W przypadku, gdy, gdy wspólne życie małżeńskie z różnych powodów staje się praktycznie
niemożliwe, Kościół dopuszcza fizyczną separację małżonków. Separację jest tymczasowym
rozłączenia małżonków. Małżonkowie w dalszym ciągu są przed Bogiem mężem i żoną oraz
nie mogą zawrzeć nowego związku. W czasie trwania separacji małżeńskiej małżonkowie
powinni sobie dochować wierności małżeńskiej i troszczyć się o dobre, chrześcijańskie
wychowanie dzieci.
3. Grzechy przeciw płodności małżeńskiej
Małżeństwo jest zawierane w celu obdarzania się miłością oraz w celu przekazania życia
potomstwu. Małżonkowie nie mogą się sprzeniewierzać przekazywaniu życia.
Grzechem jest:
 korzystanie ze znajomości rytmu płodności w celu ograniczania swojej dzietności (np.
kobieta stosuje naturalne metody, ponieważ źle się czuje przyjmując antykoncepcję
hormonalną);
 stosowanie antykoncepcji(stosunki płciowe przerywane, używanie prezerwatyw, lub
środków dopochwowych, środków wczesnoporonnych)
 zabicie dziecka przed jego urodzeniem, bez względu na to, jak długo ono już żyje
(kilka dni, tygodni czy miesięcy).
Antykoncepcja „to wszelkie działanie, które bądź to w przewidywaniu zbliżenia
małżeńskiego, bądź podczas jego spełnienia, czy to w rozwoju jego naturalnych skutków
miałoby za cel uniemożliwienie poczęcia lub prowadziłoby do tego” (HV 14). Słowo
antykoncepcja składa się z dwóch słów: anty - przeciw oraz conceptio - poczęcie. Środki
antykoncepcyjne nie dopuszczają do zapłodnienia, czyli połączenia komórki jajowej i
plemnika, czy to poprzez zatrzymanie owulacji, czy przez zagęszczenie śluzu szyjkowego.
Antykoncepcja jest to uniemożliwienie poczęcia nowego życia przy pomocy sposobów, które
w czasie współżycia małżeńskiego nie dopuszczają do połączenia się rozrodczych komórek
męskich z komórką żeńską lub niszczą te komórki. Istotą antykoncepcji jest obezpłodnienie
współżycia seksualnego czyli zamierzone uniemożliwienie zapłodnienia.
Para małżeńska, która nie chcąc mieć dzieci stosuje antykoncepcję sprzeniewierza się Bogu w
sprawie uczciwości małżeńskiej.
a. sterylizacja.
Płodność ludzka jest wielkim darem, jaki człowiek otrzymał od Boga. Jest także przejawem
zdrowia człowieka. Nie jest chorobą, którą trzeba leczyć tabletkami, czy operacyjnie.

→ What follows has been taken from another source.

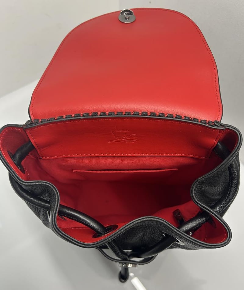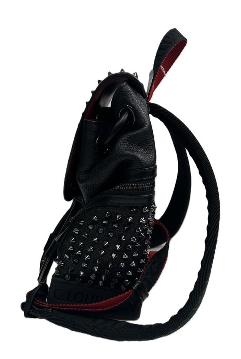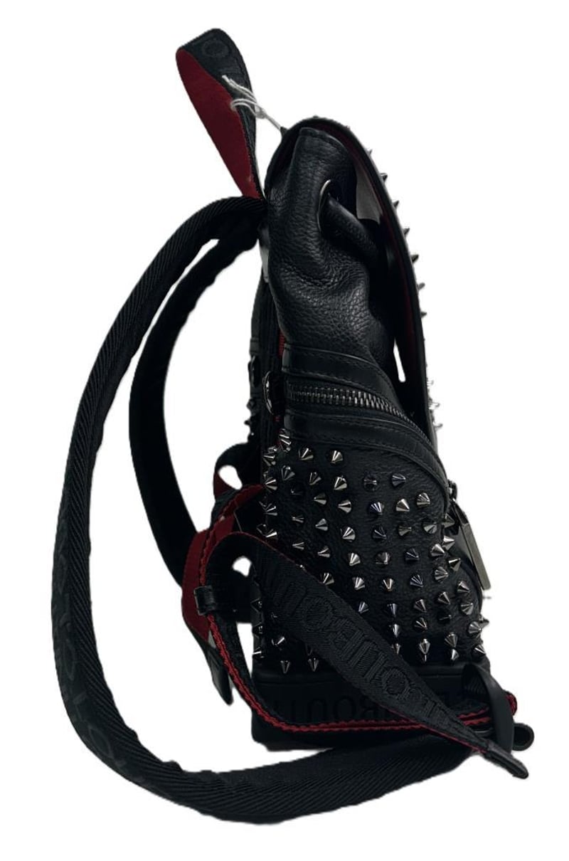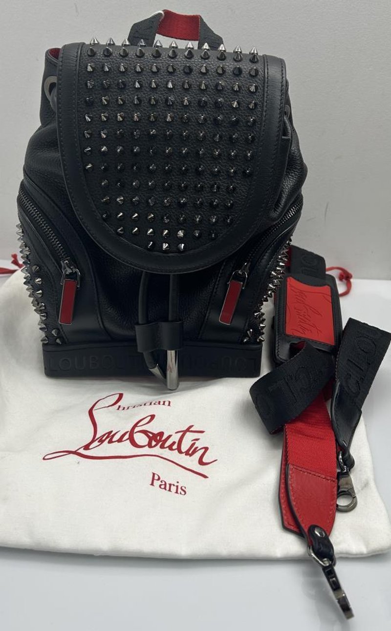 CHRISTIAN LOUBOUTIN EXPLORAFUNK MINI BACKPACK IN BLACK LEATHER WITH GUNMETAL-TONE SPIKE STUD DETAILING, SIGNATURE RED ACCENTS AND RUBBERISED BASE FEATURING EMBOSSED LOUBOUTIN LOGO. FEATURES DRAWSTRING CLOSURE WITH MAGNETIC FLAP, FRONT ZIP POCKETS, AND ADJUSTABLE LOGO-EMBROIDERED SHOULDER STRAPS. INCLUDES REMOVABLE SHOULDER STRAP AND PAPERS. MEASURES APPROXIMATELY 23 X 18 X 11 CM. MADE IN ITALY. THIS ITEM HAS BEEN PROFESSIONALLY VERIFIED AS AUTHENTIC AND COMES WITH ACCOMPANYING 3RD PARTY CERTIFICATE OF AUTHENTICITY. CONDITION 9/10 EXCELLENT PRE-OWNED CONDITION WITH MINIMAL SIGNS OF USE.

Sterylizacja polega na trwałym pozbawieniu kobiety lub mężczyzny zdolności do poczęcia
lub płodzenia bez ograniczenia ich możliwości seksualnych. U kobiet sterylizacji dokonuje
się przez podwiązanie jajowodów (metodą laparoskopii lub laparotomii). U mężczyzn
sterylizacja polega na przecięciu i podwiązaniu nasieniowodów (wazektomia). Zabieg
sterylizacji nie wiąże się z usunięciem żadnych narządów płciowych, nie ogranicza
wydzielania hormonów ani produkcji spermy.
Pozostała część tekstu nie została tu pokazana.